Let’s discuss these two illustrations Mason gives us to understand different ways of considering and educating a child: what is the difference between a ‘mere sac’ and a ‘spiritual organism’?
If I put a tasty red apple in a sack, what kind of response might I expect from the sack? Would you say it has a desire to be filled? Does it do anything with what it’s given?—transform it, use it? Is the sack changed by the experience? A sack is rather passive, isn’t it? Things you put in it come out exactly the same way you put it in, and it doesn’t make much difference to the sack.
If you had this view of the student and education, what kind of tools would you use to assess their learning, or take inventory of what’s in the sack?
As Mason expressed it in more delicate Victorian terms, most students today are given undigestible forms of knowledge which they then throw-up on a test.
Now let’s picture the student as a living organism.
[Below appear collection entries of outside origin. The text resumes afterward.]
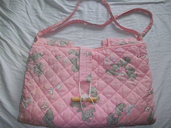 Gammel pusletaske, er lidt beskidt inden i, men vil tro, at den kan komme en tur i vaskemaskinen.
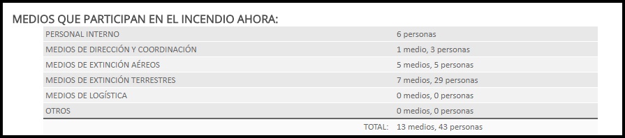 Del mismo modo, desde FIDAS argumentan que la información del mapa forestal es bosque, con un 90% de ejemplares de Quercus Ilex. Trabajan ahora mismo en la zona (19:00 horas) 6 personas de personal interno, 1 medio de coordinación con 3 personas, 5 medios aéreos y 7 terrestres, ayudados ambos de un total de 34 personas.
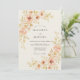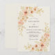 This design features delicate watercolor florals in shades of peach and apricot. Soft botanical elements and muted greenery create a romantic and ethereal aesthetic against a warm cream backdrop. Lush ranunculus and dainty wild roses offer a timeless, natural look perfect for a spring event.
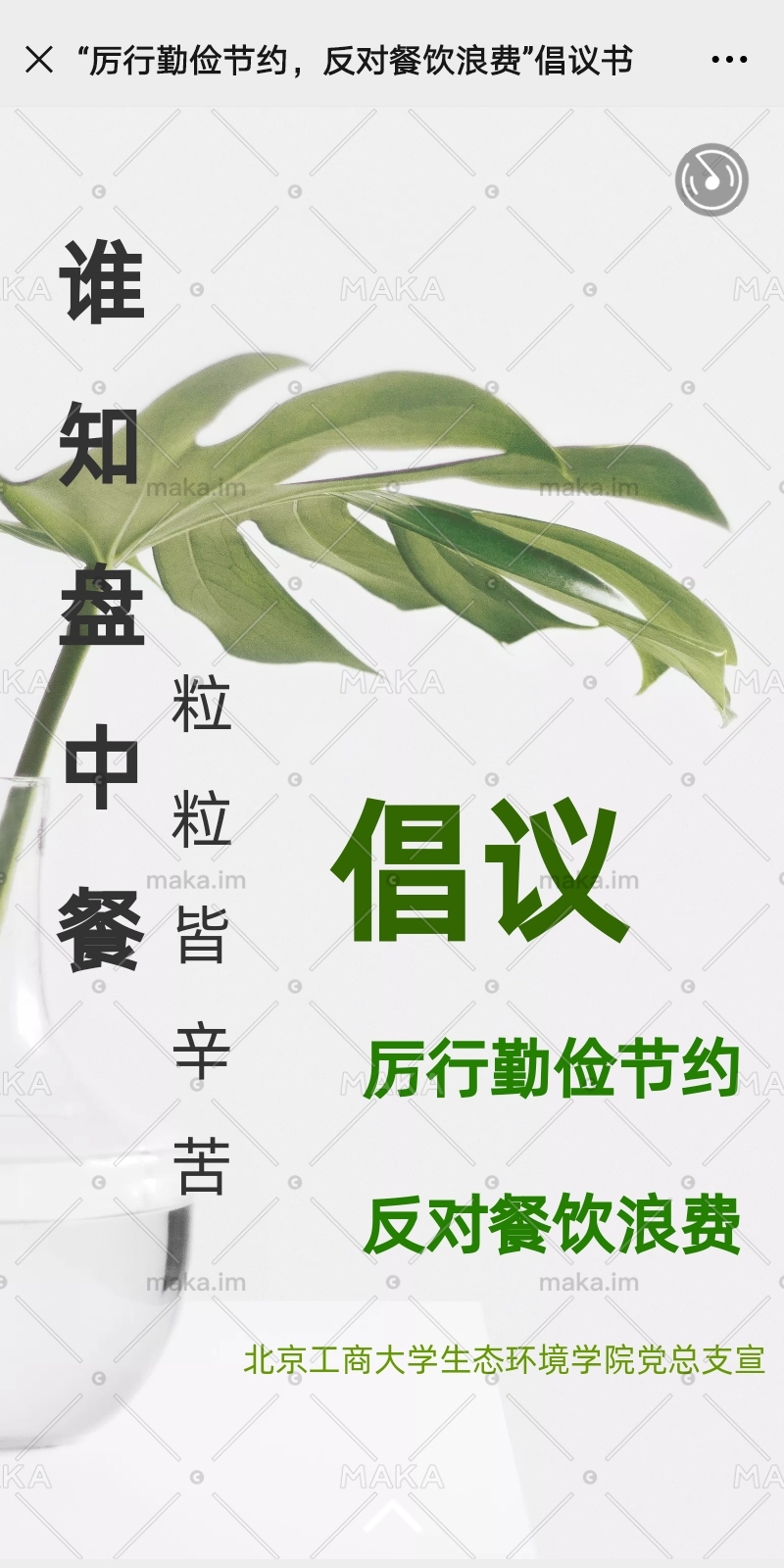 環(huán)境192班的同學(xué)在班主任賈璇老師的帶領(lǐng)下,將習(xí)近平總書記關(guān)于制止餐飲浪費(fèi)行為的重要指示精神與本專業(yè)相結(jié)合,倡導(dǎo)文明風(fēng)尚。同學(xué)們在班會中總結(jié)出“節(jié)約習(xí)慣的養(yǎng)成離不開學(xué)校教育”,要在學(xué)校范圍營造“浪費(fèi)可恥、節(jié)約為榮”的氛圍,將節(jié)儉風(fēng)尚潛移默化地融入日常生活中去。
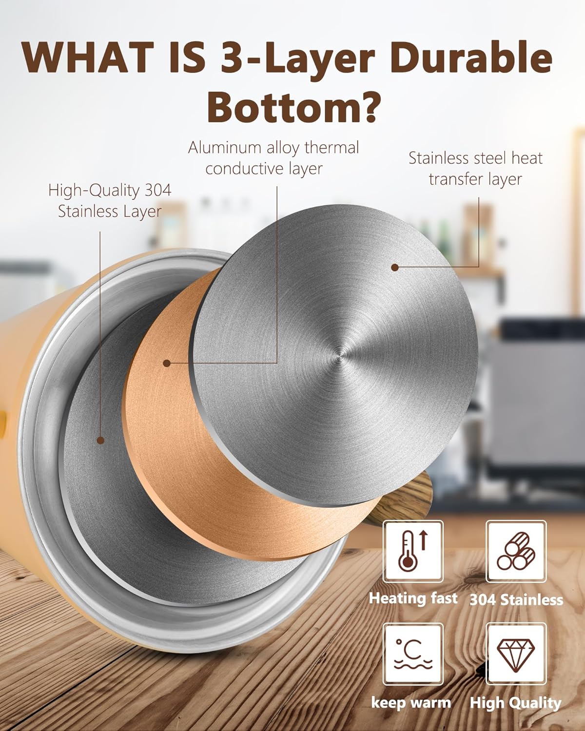 - Three layer base enhances heat retention and durability: Professional grade 18/8 stainless steel construction with triple layer base prevents rust and leaks; Uniform heat circulation ensures rapid boiling on gas, induction or electric stoves; Medium heat setting below 1400W recommended for induction compatibility
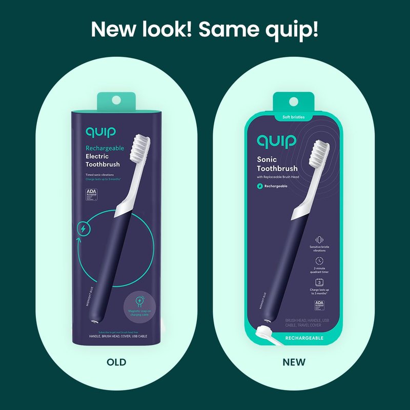 quip Rechargeable Electric Toothbrush - Soft Bristle, Sonic Toothbrush with Magnetic Charging Cable & Habit Improving Timer - ADA Accepted Electric Toothbrush - Travel Toothbrush - Midnight, Plastic
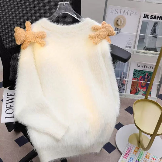 Sweet and relaxed style mink fleece sweater for women, new autumn and winter style, preppy, soft, loose and versatile pullover knitwear.
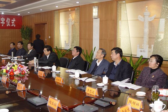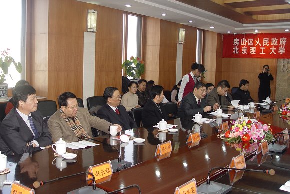 在良乡校区一期土地协议签字仪式后,学校领导与房山区主要领导进行了新年团拜座谈会,会上北京市、国防科工委领导分别代表上级主管部门对房山区和学校的合作给予了充分肯定同时也提出了新的要求,房山区委书记聂玉藻、学校党委书记焦文俊分别代表合作又方作了主题发言,座谈会在欢乐、愉快的气氛中进行。
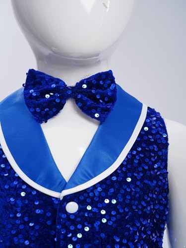Kids Boys Girls Sparkly Sequin Vest Sleeveless Button Waistcoat with Bowtie Velvet Jacket Party Outfit 6
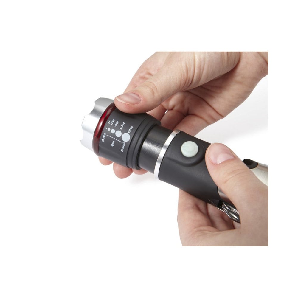 Nasza Latarka bezpieczeństwa to idealne rozwiązanie dla każdego, kto chce mieć dostęp do skutecznego źródła światła w trudnych warunkach. Latarka jest wyposażona w jasny, skuteczny reflektor, który pozwoli Ci zobaczyć drogę w ciemności lub w gęstych zaroślach. Latarka wyposażona jest również w przecinak do pasów, który pozwoli Ci szybko i skutecznie rozciąć zablokowane pasy bezpieczeństwa w samochodzie. Młotek bezpieczeństwa jest niezbędnym narzędziem do szybkiego i skutecznego uwolnienia się z klatki bezpieczeństwa samochodu w wypadku wypadku lub innej sytuacji zagrożenia. Na końcu znajduje się nóż kieszonkowy, który daje Ci dodatkową ochronę i pozwala Ci szybko otworzyć skrzynki, drzwi, zamki itp. Ten produkt może być niezbędny w nagłych sytuacjach, dlatego gorąco zalecamy jego zakup.

How will most children respond when you offer them a sweet, juicy, crunchy apple? Does a living organism have an appetite, a desire for food? What happens when it eats? Does the apple just sit there? What happens to the apple?—isn’t it translated through an active and complex process of digestion and assimilation into life and energy?
With this understanding of the student and education, does the worksheet remain a realistic and useful way to assess student learning?
A notebook, with its blank pages, does provide such a way. It is an example of what Mason called ‘forms of vitality’—in other words ‘signs of life,’ or, in another phrase by Charlotte Mason, ‘the evidence of things not seen.’ Notebooks are a physical, or visible, expression of the active and largely internal, work of education.
They’re also the physical or visible expression of the teacher’s recognition of the child’s appetite for knowledge {curiosity}, and his ability to deal directly with it. It’s easy to say ‘Children are born persons’; it’s not always easy to know what to do with that, right?
Contrast the worksheet, with its many directives and prods, and the blank page of a notebook, ready for your sketches or writing. What would the difference say to you as a student? {What do they say about the material? What do they say about knowledge? What does it say about you? Where does the onus of education fall, in one and in the other?}
In her book Bestvater will invite us to think: What are we telling the child about himself and the value of what he is doing when we assign teacher- and school-centered worksheets that get thrown away at the end of the year {by teacher- and school-centered, I mean that it is designed to provided fodder for grades and statistics, and actually has very little to do with the child}. What do we say to the child about himself and the importance of the work he is doing when we give him a notebook in which to record and treasure his unique encounters with knowledge?